[Extracted records]
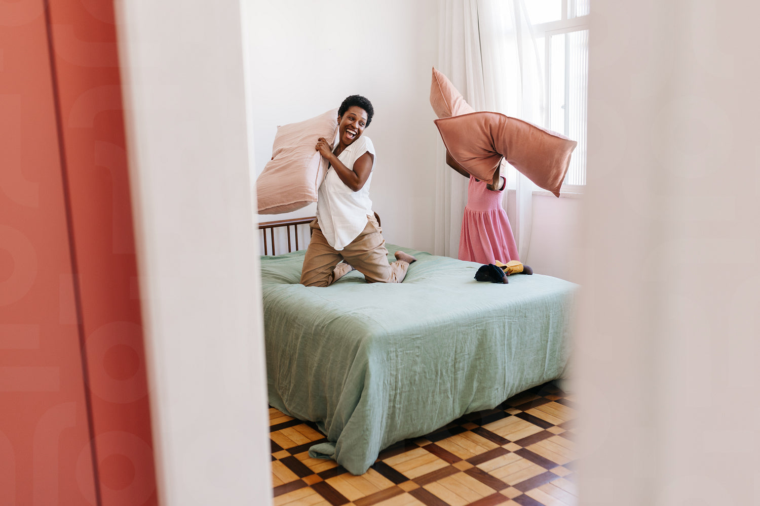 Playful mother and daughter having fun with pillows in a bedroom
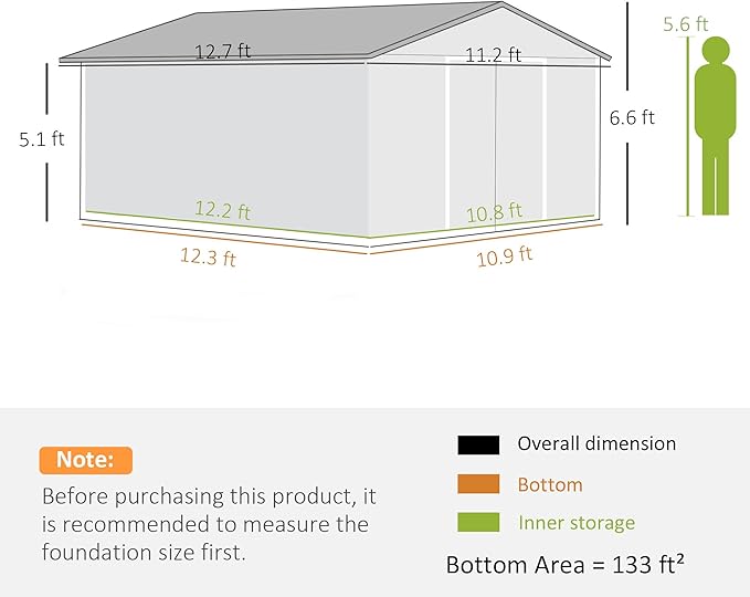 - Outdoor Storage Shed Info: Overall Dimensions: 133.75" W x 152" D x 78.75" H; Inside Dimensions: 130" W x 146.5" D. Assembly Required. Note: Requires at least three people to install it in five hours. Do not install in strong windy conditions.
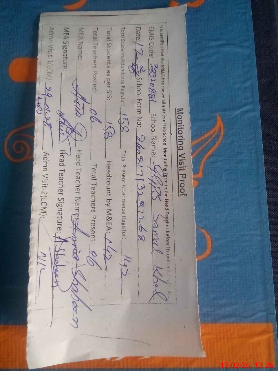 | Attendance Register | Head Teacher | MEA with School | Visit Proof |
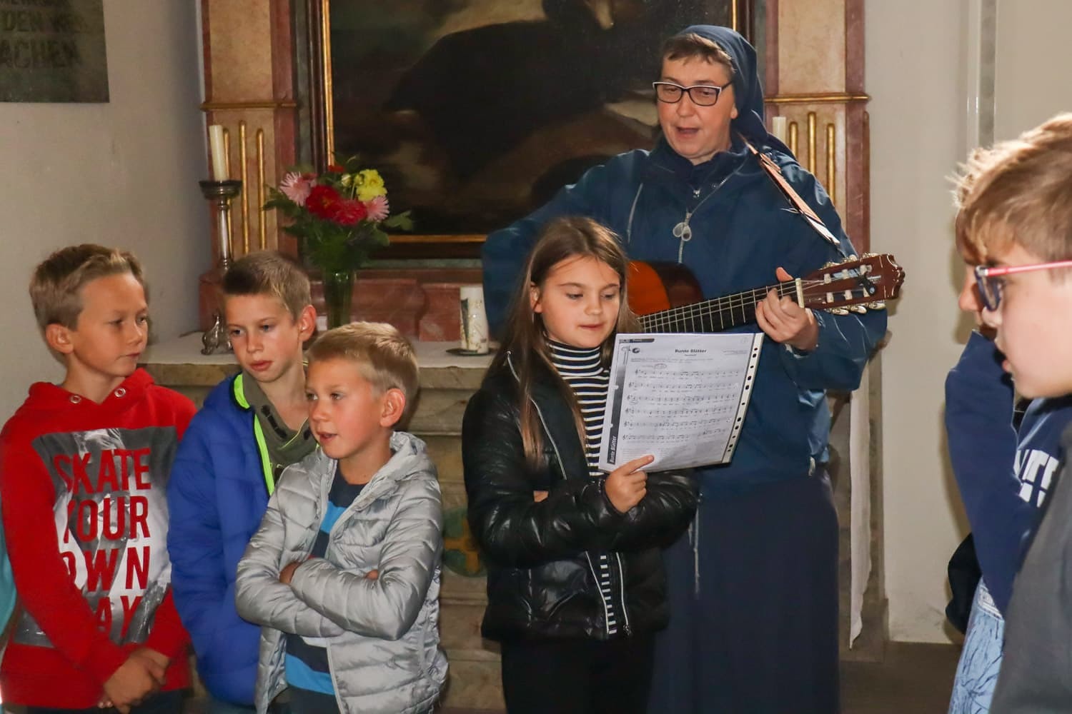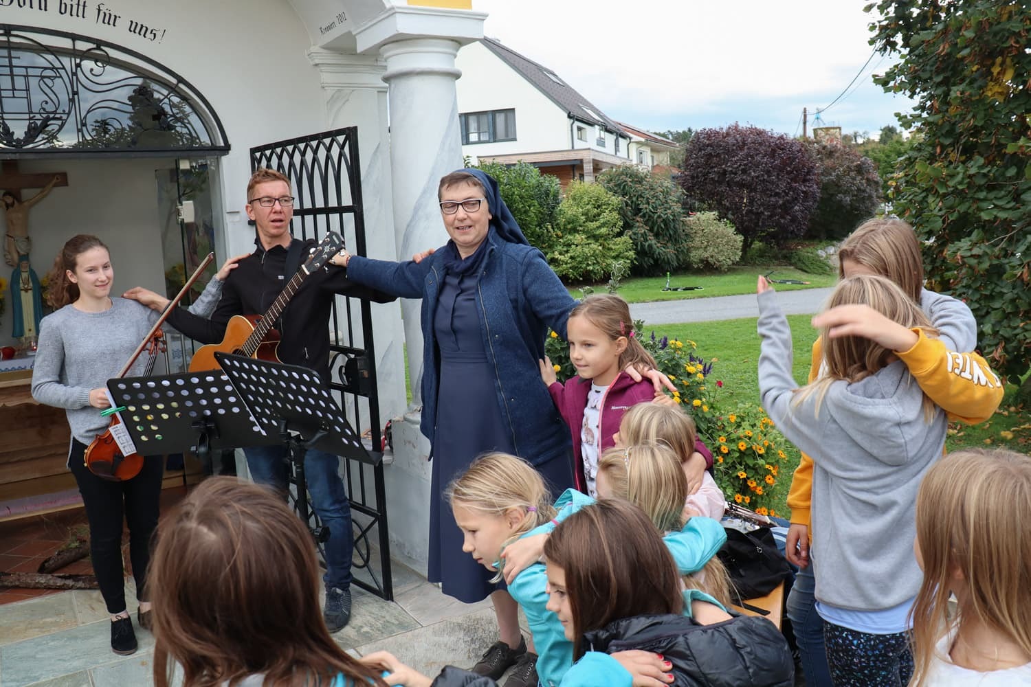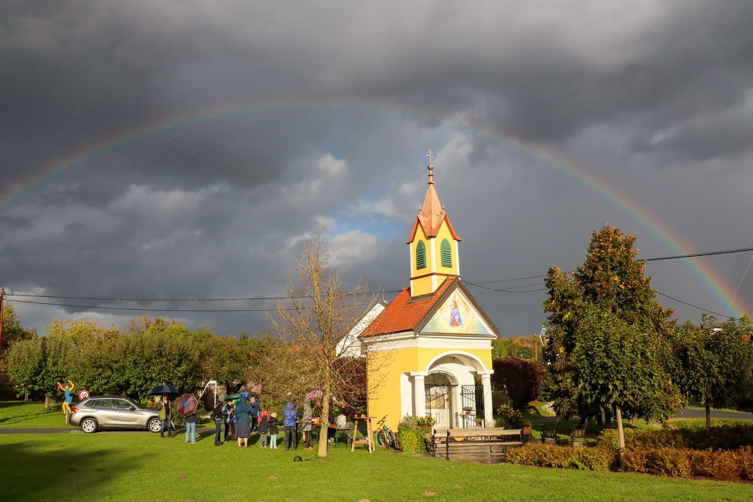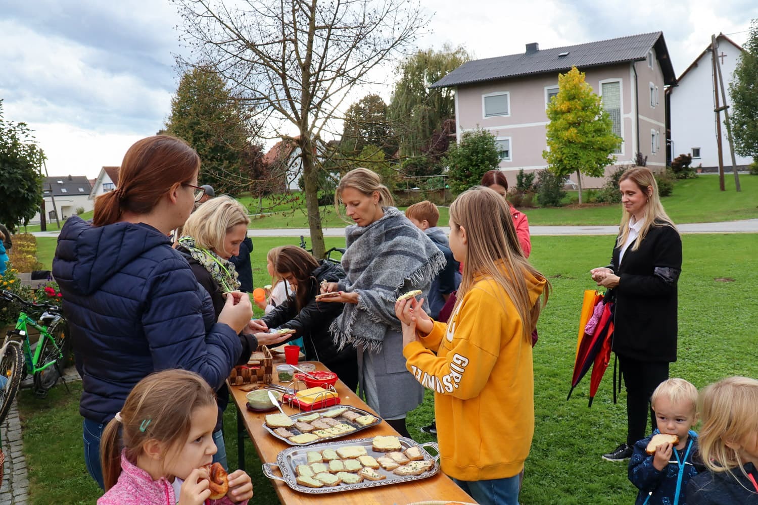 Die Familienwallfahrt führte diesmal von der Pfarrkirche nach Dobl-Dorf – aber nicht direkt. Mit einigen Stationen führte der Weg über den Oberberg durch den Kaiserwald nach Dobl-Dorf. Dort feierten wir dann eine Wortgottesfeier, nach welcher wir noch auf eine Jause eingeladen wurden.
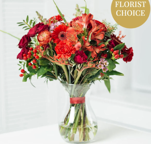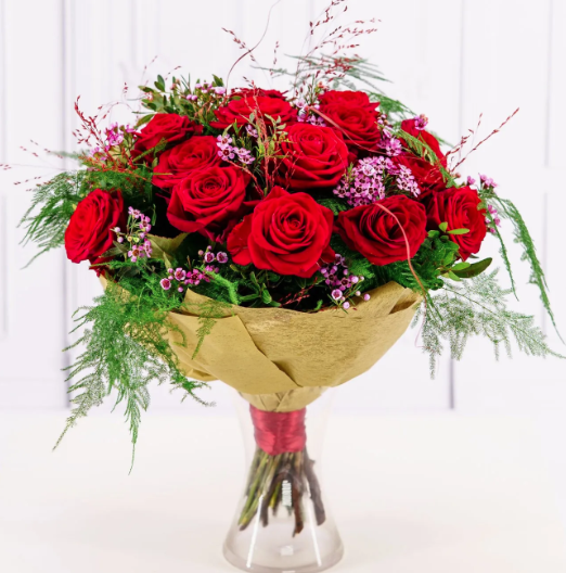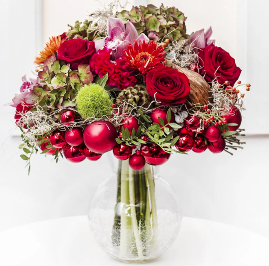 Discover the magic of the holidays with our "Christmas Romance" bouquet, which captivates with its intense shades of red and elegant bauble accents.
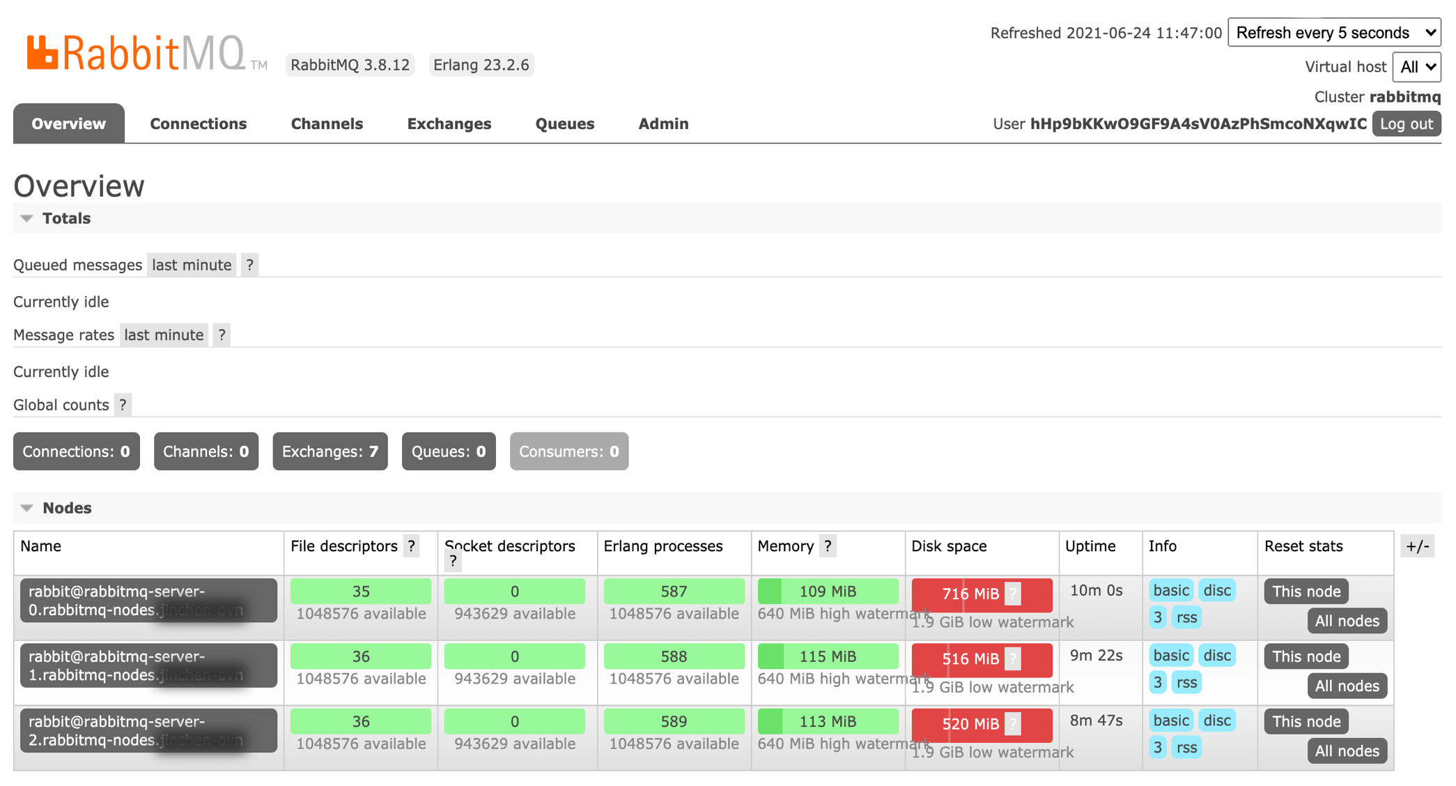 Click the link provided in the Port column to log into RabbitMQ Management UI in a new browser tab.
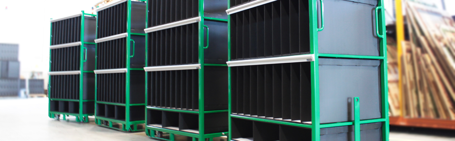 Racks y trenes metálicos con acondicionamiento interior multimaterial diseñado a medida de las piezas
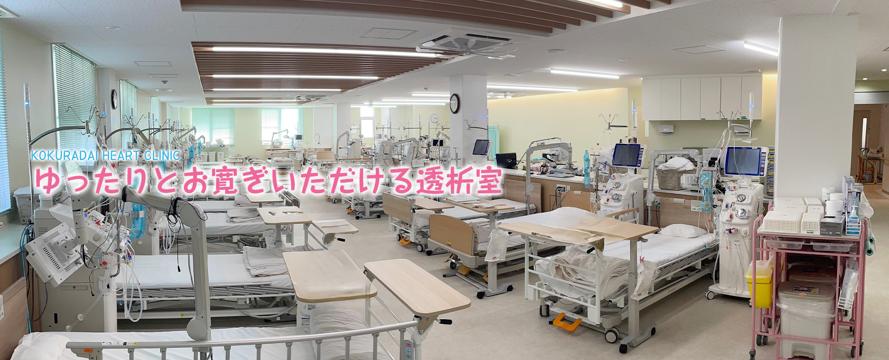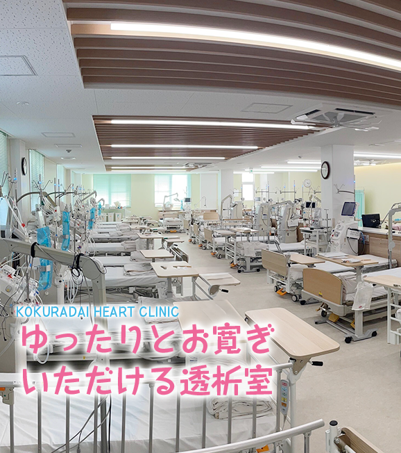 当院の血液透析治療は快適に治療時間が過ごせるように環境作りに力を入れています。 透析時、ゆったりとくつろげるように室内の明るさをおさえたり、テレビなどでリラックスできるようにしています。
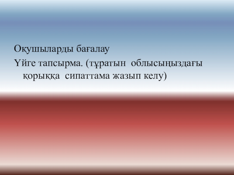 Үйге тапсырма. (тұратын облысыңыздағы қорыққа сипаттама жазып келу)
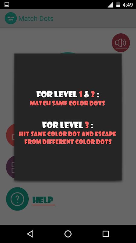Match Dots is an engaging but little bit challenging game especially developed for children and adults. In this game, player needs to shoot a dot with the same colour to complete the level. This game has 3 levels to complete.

Exercise description: Every record must be returned exactly. Leave its pictures out.

Answer to the exercise:
 Playful mother and daughter having fun with pillows in a bedroom
 - Outdoor Storage Shed Info: Overall Dimensions: 133.75" W x 152" D x 78.75" H; Inside Dimensions: 130" W x 146.5" D. Assembly Required. Note: Requires at least three people to install it in five hours. Do not install in strong windy conditions.
 | Attendance Register | Head Teacher | MEA with School | Visit Proof |
 Die Familienwallfahrt führte diesmal von der Pfarrkirche nach Dobl-Dorf – aber nicht direkt. Mit einigen Stationen führte der Weg über den Oberberg durch den Kaiserwald nach Dobl-Dorf. Dort feierten wir dann eine Wortgottesfeier, nach welcher wir noch auf eine Jause eingeladen wurden.
 Discover the magic of the holidays with our "Christmas Romance" bouquet, which captivates with its intense shades of red and elegant bauble accents.
 Click the link provided in the Port column to log into RabbitMQ Management UI in a new browser tab.
 Racks y trenes metálicos con acondicionamiento interior multimaterial diseñado a medida de las piezas
 当院の血液透析治療は快適に治療時間が過ごせるように環境作りに力を入れています。 透析時、ゆったりとくつろげるように室内の明るさをおさえたり、テレビなどでリラックスできるようにしています。
 Үйге тапсырма. (тұратын облысыңыздағы қорыққа сипаттама жазып келу)
Match Dots is an engaging but little bit challenging game especially developed for children and adults. In this game, player needs to shoot a dot with the same colour to complete the level. This game has 3 levels to complete.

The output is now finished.